A former Countrywide Financial Corp. employee and another man were arrested by the FBI on Friday in an alleged plot to steal and sell extremely sensitive information, including Social Security numbers, of up to 2 million mortgage applicants.
Experts have said the plot extended over a 2 year period through July and is thought to be one of the largest breaches in security in years.
The former Countrywide employee was identified as Rene L. Rebollo Jr. Rebollo Jr. worked as a senior financial analyst at Full Spectrum Lending, Countrywide's subprime lending division.
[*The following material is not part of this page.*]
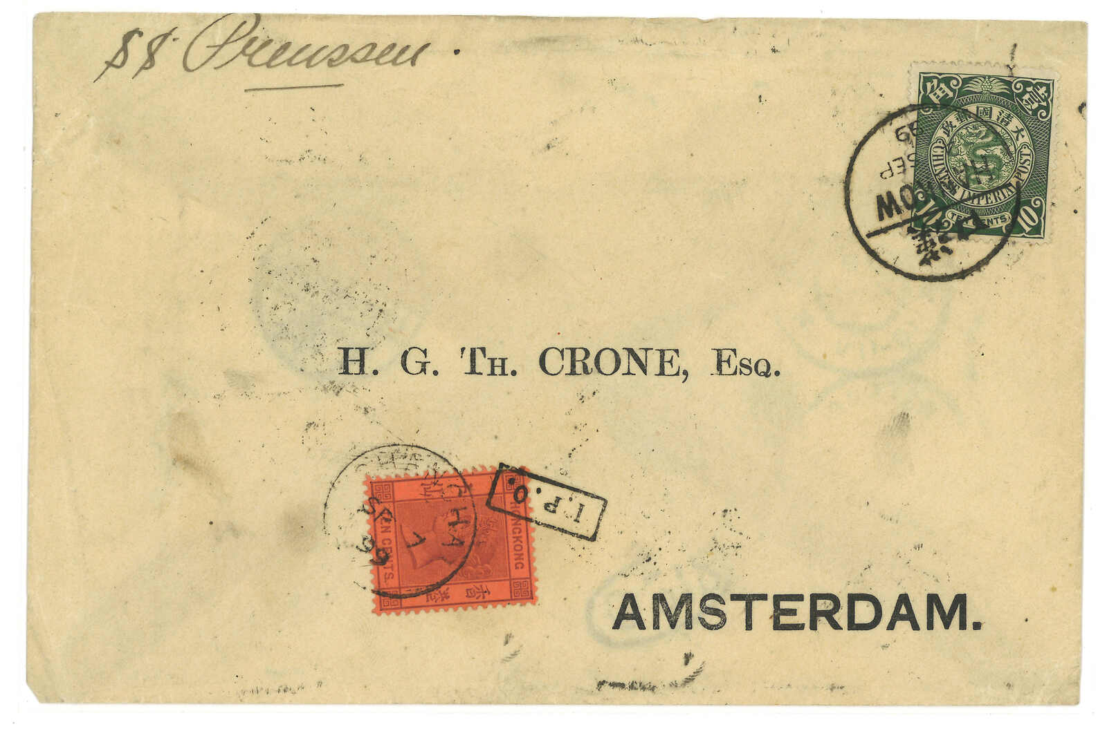 1899.9.2 漢口寄荷蘭,貼蟠龍1角,銷漢口半切漢英日戳。9.2經上海中國郵局。加貼香港維多利亞女皇像1角,銷漢口Webb 3型IPO騎縫戳及上海英局9.7日戳。9.10經香港。10.12抵阿姆斯特丹。2009.3 布約翰,拍品號2540。(Image 1)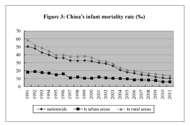 Medical and Health Services in China-Figure 3: China's infant mortality rate from 1991 to 2011, according to a white paper released by the Information Office of the State Council on Dec. 26, 2012. (Xinhua)

He was charged with unauthorized access to a financial institution's computer and arrested at his home in Pasadena, CA.
Rebollo's suspected accomplice, Wahid Siddiqi, was arrested at his home in Thousand Oaks, CA under the suspicion of reselling Countrywide's data.
The LA Times reported that in an affidavit filed in federal court the FBI said Rebollo voluntarily described the plot in an affidavit filed in federal court. "Rebollo said he would charge $400 or $500 for batches of thousands of ‘leads' -- personal and account information that presumably would help outside loan agents solicit new mortgages from the Countrywide applicants, some of whom had been denied loans by the Calabasas company."
In an affidavit by FBI Special Agent Richard P. Ryan, it stated that Rebollo would copy information on about 20,000 customers at a time on Sunday nights by using a Full Spectrum computer that did not have the same security features that other machines in the office had.
The US attorney's office said that the rate at which Rebollo transferred personal files would have compromised up 2 million customer profiles for about 2.5 cents each.